Annual global spending on alternative data, estimated at US$7 billion in 2020, provides insights to all kinds of industry sectors. How can financial analysts participate in this burgeoning field?

On March 3, 2021, the Professional Development Committee at CFA Society Toronto held a second panel discussion on alternative data. Alexandra Zvarich, representing the committee, asked the panellists about the role of alternative data especially in finance, where investors are constantly searching for new sources of alpha.

“Alternative data is not new to finance,” said Abraham Thomas, Chief Data Officer and co-founder of alternative data firm Quandl. The firm provides financial, economic, and alternative datasets for investment professionals and was acquired by NASDAQ in 2018. “Equity analysts have always looked beyond the standard data,” he said, citing as example the tendency of savvy analysts to go out and look at markets in earlier decades. “The data explosion is what makes alternative data so unusual.”

“Every company is a data company.” He said that, in the course of normal business operation, a data trail is left by cellphones and satellites, not to mention browser histories as customers click on company web pages. “The early adopters were quant hedge funds, who would look for unused and obscure datasets. But now, start-ups are making data their core business.” He gave some examples of sub-specialties within the field.
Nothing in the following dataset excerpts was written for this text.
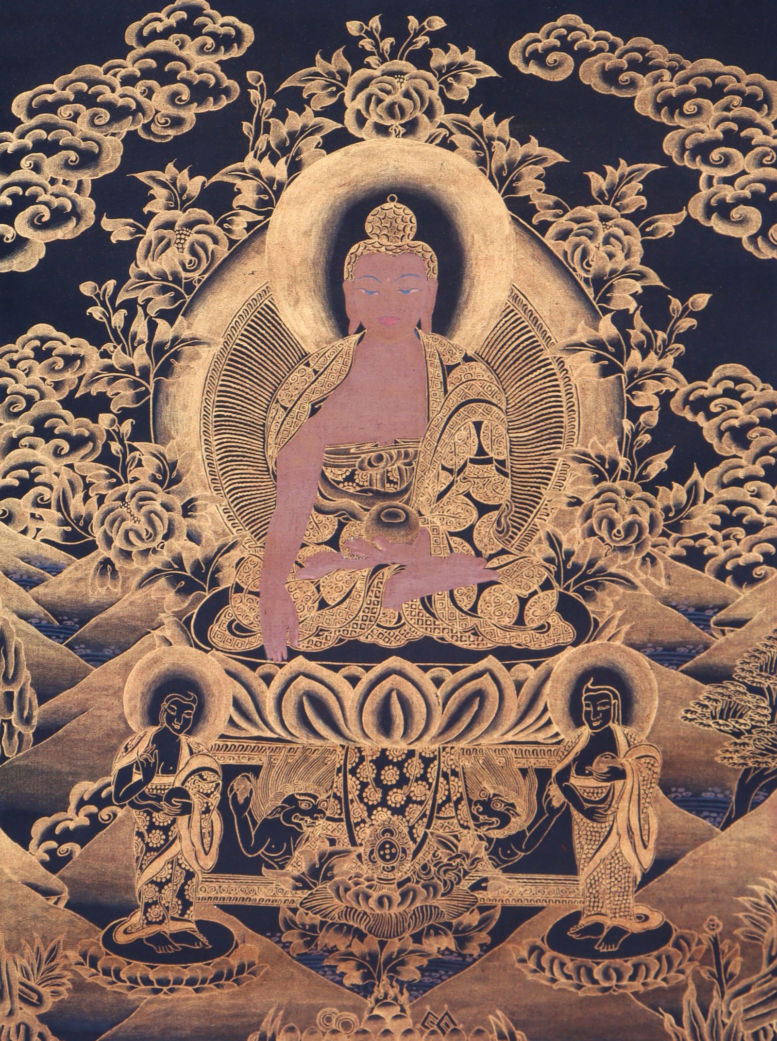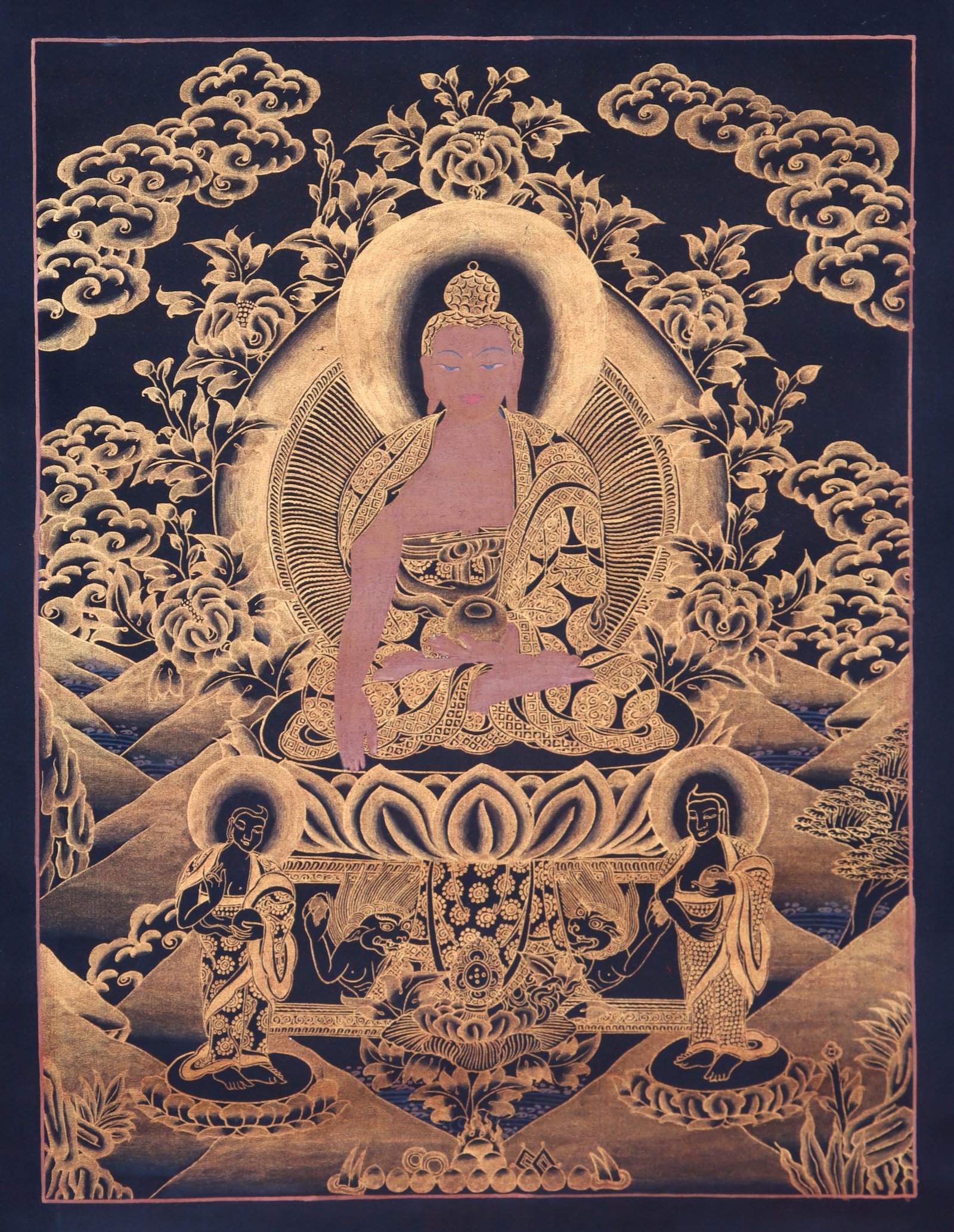 A Antique Shakyamuni Buddha Thangka is a Tibetan Buddhist painting that depicts the life and teachings of Siddhartha Gautama, otherwise known as Sakyamuni Buddha. Traditionally, this Thangka are held sacred, expressing Buddhist spirituality in an artistic manner. At the center of this Thangka is an image of the Buddha Sakyamuni in a meditative or teaching posture, recognizable from his elongated earlobes, topknot, and peaceful countenance. Accompanying this image are depictions of bodhisattvas.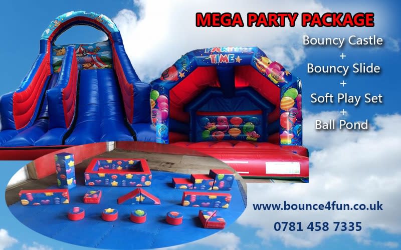 Party Time Bouncy Castle, Inflatable Slide and Soft Play Package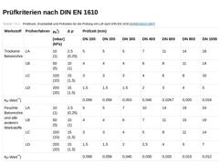 (Tabelle: Prüfdruck, Druckabfall und Prüfzeiten für die Prüfung mit Luft nach DIN EN 1610 [DINEN1610a])
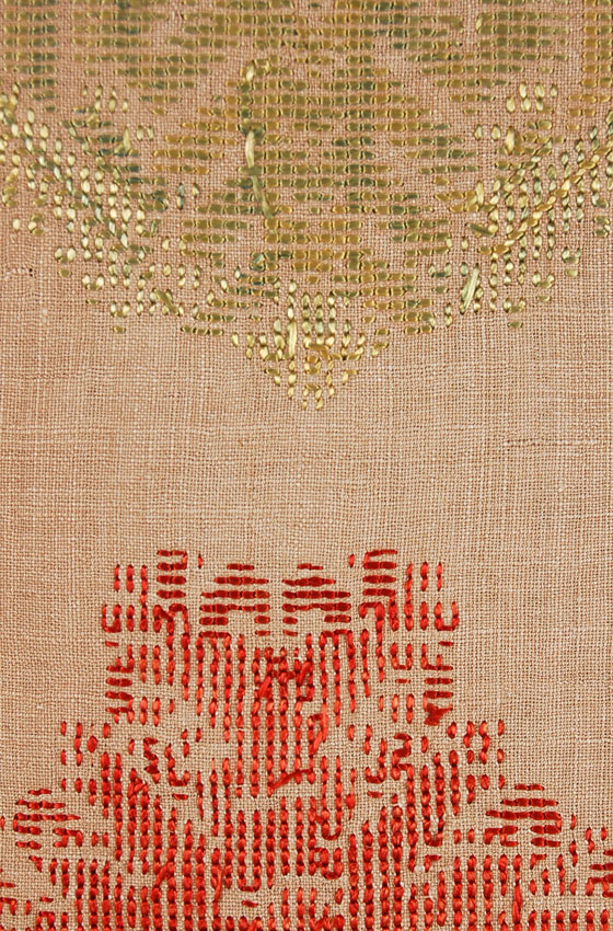 Bed tents, or sperveri, are peculiarly Dodecanese. They are constructed of numerous panels, mostly embroidered and they taper toward the top, with valances front top and bottom. Their purpose ,of course, is to shield from flying insects. The decoration is also uniquely Dodecanese, featuring rows, vertical and horizontal, of flower pots, or glastras, that are large, compact and contained. Rhodes and Kos, two of the bigger Dodecanese Islands, have similar bed tents, the difference mainly in the stitchwork which is heavy cross stitch in Rhodes and fine single darning stitch in Kos.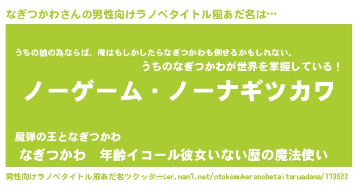 なぎつかわさんの男性向けラノベタイトル風あだ名をツクッター!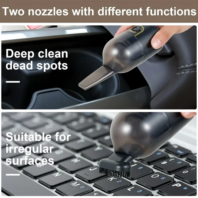 • Strong Suction Power 2200pa concentrated suction power deep into the corner of the desktop, the gap of the keyboard, and the air outlet of the center console in the car so that the dust has nowhere to go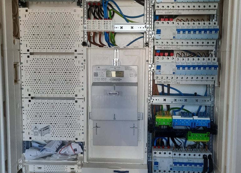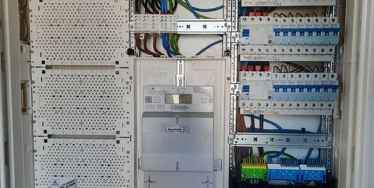 Neuinstallation, Altbausanierung, Umbau und Modernisierung von Zählerplätzen und Verteilungen, Netzwerk- und Datenverkabelung, Beleuchtungstechnik sowie Anmeldung und Änderung von Elektroanschlüssen beim Stromnetzbetreiber.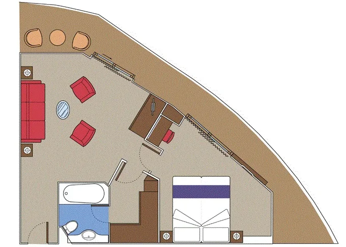 Suite s balkónom/panoramatickým oknom: 21-47m², (Royal 53m², Family 52m²)kajuta s manželskou posteľou (na požiadanie 2 oddelené postele) a rozkladacia pohovka. Klimatizácia, kúpeľňa s vaňou, toaletný stolík, priestorná skriňa, interaktívna TV, telefón, minibar, sejf, sušič na vlasy. Balkón so stolíkom a stoličkami/panoramatické okno. Internetové pripojenie (za poplatok).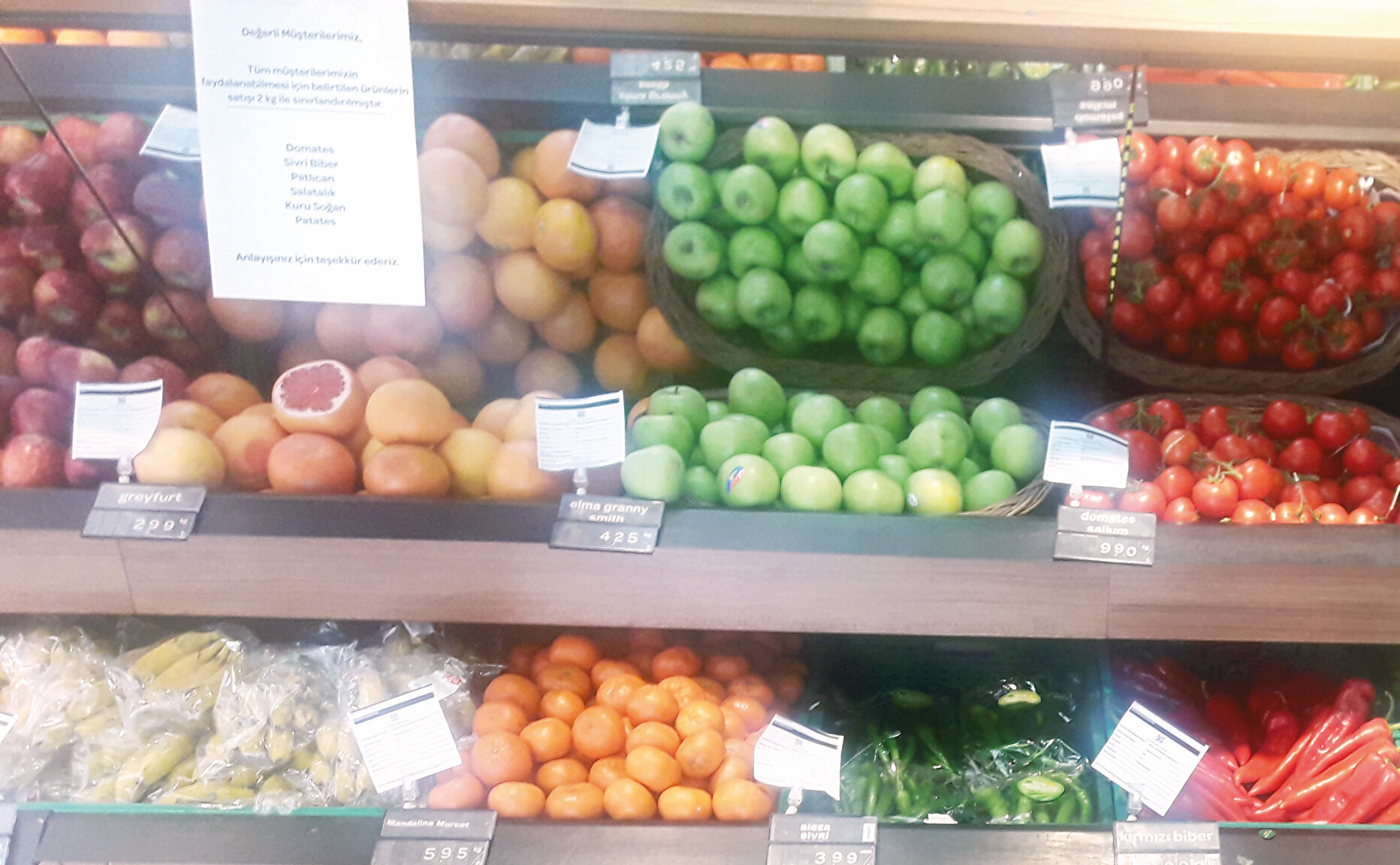 - İşin ilginç tarafı, zincir marketler de sadece etiketler değişmedi. Aynı zamanda mobil satış noktalarında uygulanan kilo sınırı, yani kota burada da uygulanmaya başlanmış. Carrefoursa’nın manav reyonunun doğru yöneldiğimde ise gözüme ilk çarpan şu yazı oluyor: “Değerli Müşterilerimiz, tüm müşterilerimizin faydalanabilmesi için belirtilen ürünlerin satışı 2 kg ile sınırlandırılmıştır. Domates, sivri biber, patlıcan, salatalık, kuru soğan, patates. Anlayışınız için teşekkür ederiz.” Carrefoursa’da konuştuğumuz manav reyonu görevlisi, bütün zincir mağazalarda bu indirim geçerli olduğunu belirtip şunu ekliyor: “Ama tanzimde seçme yok. Sıraya girip alıyorsun.”

Challenges for a Maturing Industry

The use of alternative data in finance has progressed rapidly so “there is no more low-hanging fruit,” Thomas said. “Now there’s too much data, not enough quality. It’s an inedible feast.” He said that his company Quandl compiled the characteristics of a “perfect” data analyst—domain expertise, quantitative expertise, programming in AWS, skill with data engineering and algorithms, and business perspective—and concluded “such a person does not exist!”

alt-dat-fin-ford-assembly-line

“Good-bye generalists, hello specialists,” he said. “We aim to do for alternative data what Henry Ford did for the car.” The Ford company pioneered the concept of decomposing the workflow and figuring out the specialists for each stage.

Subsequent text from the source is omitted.